Data from previous research was used to test the Pareto macro using a variety of variables. Physical variables from northern Lake Winnipegosis, Manitoba, were compared to abundances of arcellacean and foraminiferal data that was compiled using multivariate analysis (Boudreau 1999; Fishbein and Patterson 1993). A three factor analysis using as variables pH, oxygen content and salinity was conducted for each of the abundances of Centropyxis aculeata, Difflugia corona, Cribroelphidium gunteri and Lagenodifflugia vas.

Two-level factorial designs were used for the analyses. Each factor was analyzed at a high and low setting. For three factor analysis, the data set was parsed as shown in Table 1 where A represents pH, B represents oxygen content and C represents salinity.
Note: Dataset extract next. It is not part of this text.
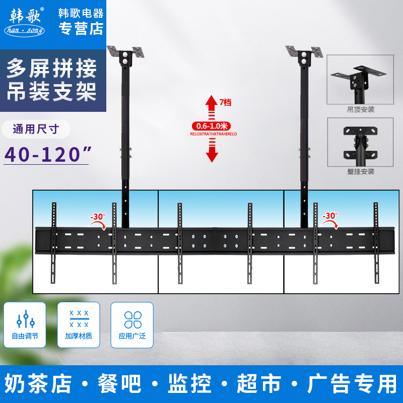 多屏并列吊装挂架奶茶店餐吧等伸缩旋转吊顶支架多屏拼接吊装挂架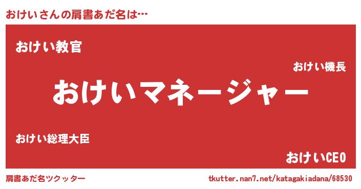 | 意味不明あだ名 | 『住所不定無職おけい(3歳)』『自称おけい』 |

A macro for Excel™ was constructed to analyze the data sets. Two-level factorial designs (clear signal design) were used because they are easy to interpret and they are effective. This analysis includes 2 x 2 x 2 = 8 combinations of high and low values for the parameters. The main effects of each parameter were estimated by evaluating the difference in foraminiferal or arcellacean abundance caused by changing from a low value of the given parameter to a high value. The main effects were taken as the differences in average response values between high and low values. The Excel™ macro constructs a Pareto Chart from the input data which identifies the parameter(s) and interactions between the parameters that contribute most to the abundance of the arcellaceans and the foraminifera. The data used in the analysis are shown in Table 2 and an example of a test run is shown in Table 3 using the data for Cribroelphidium gunteri.
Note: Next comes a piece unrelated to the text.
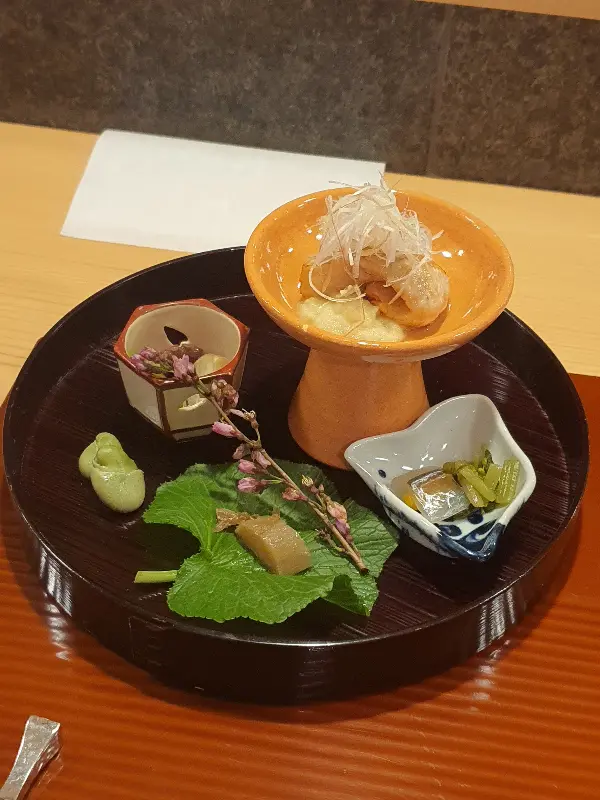 9품으로 구성된 가이세키 코스는 그야말로 미식의 향연이었다. 신선한 제철 재료를 사용하여 만든 요리들은 하나하나 정성이 가득 담겨 있었다. 특히 인상 깊었던 것은, 평소 즐겨 먹지 않던 생선 요리였다.

Pareto analysis can also be done graphically. First, the data are plotted as shown in Figure 1A. Then, data in the cube plot are averaged across one dimension, for example [salt], to generate a square plot as shown in Figure 1B.
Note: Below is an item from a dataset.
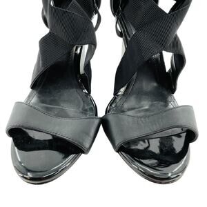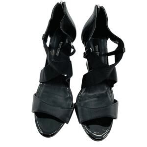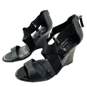 WHBM Black Leather Strappy Career Chic Zip Back Elastic Ankle Wedge Heel 9.5

The data is further reduced by averaging across another dimension, for example [O2] to yield a line plot as shown in Figure 1C.

The effect of going from low pH to high pH on the measured parameter, in this case relative abundance, is determined by subtracting the value at low pH from the value at high pH, in this case 0.277 - 0.674 = -0.397. This result indicates that an increase in pH leads to a decrease in the abundance of this species. This technique is repeated in order to reduce the data to obtain the effects of the other variables; in this example, [O2] and [salt].

Interaction between factors occurs when the effect of one factor depends on whether the other factor is at its high or low value. Two-factor interactions can also be calculated using this analysis. Data is reduced to the square plot, and the average of runs in which the two factors are at extremes (ie. High-High and Low-Low) minus the average of the runs in which the factor levels are mixed (ie. High-Low and Low-High) will yield a number. If no two-factor interactions are occurring, this difference is zero.

The Excel spreadsheet allows one to conduct this analysis without the need to draw numerous graphs, and greatly speeds up the data analysis process.